Lightweighting Shipyard 3D Deep Learning Dataset and Object Detection Performance Analysis Using FPFH-Based Geometric Feature Augmentation
Ki-Seok Jung, Dong-Kun Lee · Journal of the Society of Naval Architects of Korea · 2025
As digital twin technology for implementing smart shipyards advances, research on object detection using 3D point cloud has become increasingly necessary. Shipyards, in particular, are complex environments with coexisting indoor and outdoor settings, large structures, and diverse equipment, making the analysis of features from 3D point cloud objects essential for effective object detection. However, these environments, characterized by intricate geometries, varied equipment scales, and high-resolution data, generate massive datasets. Such large volumes of data lead to challenges in storage, transmission, processing, and learning resources and costs, notably intensifying computational and memory loads during the training of deep learning-based object detection models. Therefore, a lightweighting solution that ensures efficient processing while maintaining data quality is required.
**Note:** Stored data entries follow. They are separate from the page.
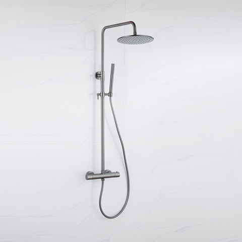 De FugaFlow Eccelente Acces Regendoucheset met thermostaat zorgt voor een luxe en comfortabele douche-ervaring. Met een royale 25cm hoofddouche, een gladde slang en een stijlvolle staaf handdouche in geborsteld Gunmetal PVD, combineert deze set modern design met gebruiksgemak.
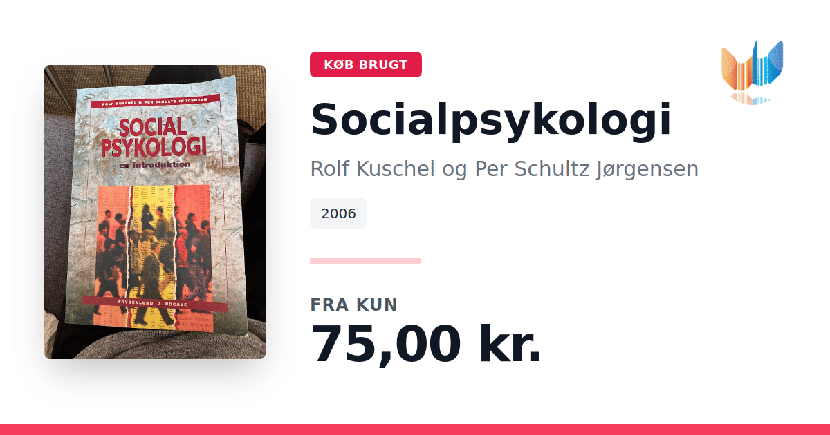 Lige nu kan du købe "Socialpsykologi" af Rolf Kuschel og Per Schultz Jørgensen til kun 75,00 kr. Bogen du ser her er brugt, og i god stand. Vi har i øjeblikket 2 eksemplarer til salg af "Socialpsykologi", så husk at se de forskellige udgaver.
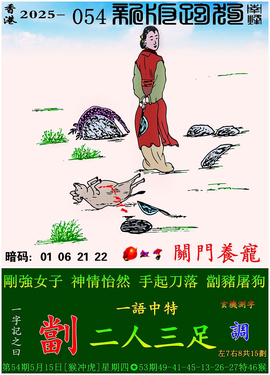 054期新版跑狗一字記之曰:【劏】

Accordingly, this study extracted geometric local features using Fast Point Feature Histograms (FPFH) from 3D point cloud acquired in a shipyard. An augmented dataset was then constructed based on these extracted feature points. Subsequently, an object detection model was trained using a 3D point cloud-based deep learning architecture to analyze the impact of these features on object detection accuracy. The results indicated that the FPFH-applied dataset maintained comparable accuracy to the original dataset. This research is anticipated to be valuably utilized for the development of automation technologies and digital twins aimed at constructing smart shipyards.